WSJ -  A sustained effort is underway to deny children access to literature. Under the slogan #DisruptTexts, critical-theory ideologues, schoolteachers and Twitter agitators are purging and propagandizing against classic texts—everything from Homer to F. Scott Fitzgerald to Dr. Seuss.

Their ethos holds that children shouldn’t have to read stories written in anything other than the present-day vernacular—especially those “in which racism, sexism, ableism, anti-Semitism, and other forms of hate are the norm,” as young-adult novelist Padma Venkatraman writes in School Library Journal. No author is valuable enough to spare, Ms. Venkatraman instructs: “Absolving Shakespeare of responsibility by mentioning that he lived at a time when hate-ridden sentiments prevailed, risks sending a subliminal message that academic excellence outweighs hateful rhetoric.”

The demands for censorship appear to be getting results. “Be like Odysseus and embrace the long haul to liberation (and then take the Odyssey out of your curriculum because it’s trash),” tweeted Shea Martin in June. “Hahaha,” replied Heather Levine, an English teacher at Lawrence (Mass.) High School. “Very proud to say we got the Odyssey removed from the curriculum this year!” When I contacted Ms. Levine to confirm this, she replied that she found the inquiry “invasive.” The English Department chairman of Lawrence Public Schools, Richard Gorham, didn’t respond to emails.

Remember the "Odyssey"? Required summer reading for every high schooler in America for centuries. One of the oldest pieces of literature dating back to the beginning of recorded history. It's as human as human gets. 

To refresh everyone's memories, the story tells the tale of the hero Odysseus who spent 10 years fighting in the Trojan War. It takes him 10 years to return home while fighting through a non-stop series of enemies and perils. Everybody thinks he's dead except his wife Penelope and son Telemachus who also have to fend off scumbags of their own.

He and his men defeated giant Cyclops, witches, and gods. But they never met an opponent like high school teachers in 2020.

Back in Homer's day, open debate was an appreciated art form.
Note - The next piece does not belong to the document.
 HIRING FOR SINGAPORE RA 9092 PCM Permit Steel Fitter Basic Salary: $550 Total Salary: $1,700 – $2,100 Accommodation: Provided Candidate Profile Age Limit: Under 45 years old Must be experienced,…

It was the essence of being human. Different people exploring their differences through thought and discussion. Wild notion.
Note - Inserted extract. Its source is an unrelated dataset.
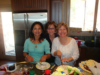 Liberty helping Ann make fruit tray appetizers……Ann sure knows how to do them up!Irma and DwOh, if only I could tell you all what we were laughing about….

Not today. Not on the outrage police's watch.

“It’s a tragedy that this anti-intellectual movement of canceling the classics is gaining traction among educators and the mainstream publishing industry,” says science-fiction writer Jon Del Arroz, one of the rare industry voices to defend Ms. Cluess. “Erasing the history of great works only limits the ability of children to become literate.”
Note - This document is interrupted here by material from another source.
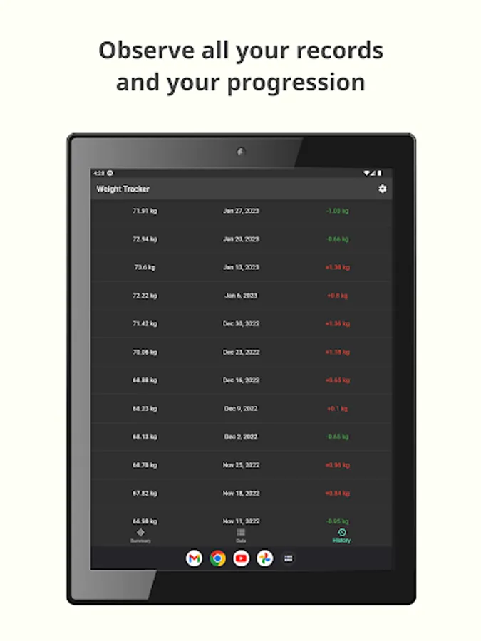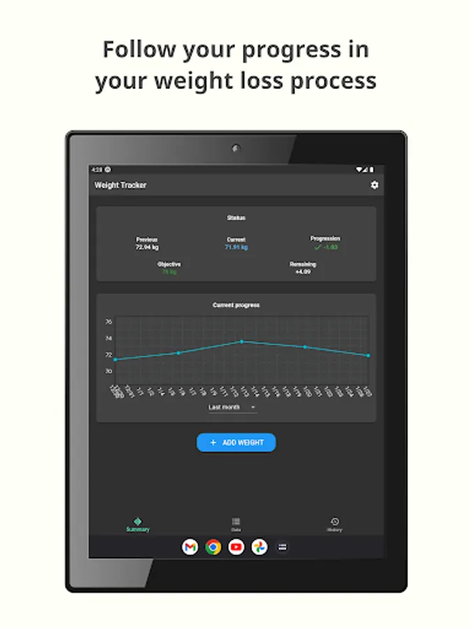 In the journey of weightloss or muscle gain, dedication, persistence, and the right tool like this app are crucial. With features like the weight diary, BMI calculator, and an integrated weight scale system, you have the most comprehensive weight tracking app at your fingertips.

He’s right. If there is harm in classic literature, it comes from not teaching it. Students excused from reading foundational texts may imagine themselves lucky to get away with YA novels instead—that’s what the #DisruptTexts people want—but compared with their better-educated peers they will suffer a poverty of language and cultural reference. Worse, they won’t even know it.

#disrupttexts movement? For real? 

If teachers are supposed to teach why are they so hellbent on doing away with stuff to teach? 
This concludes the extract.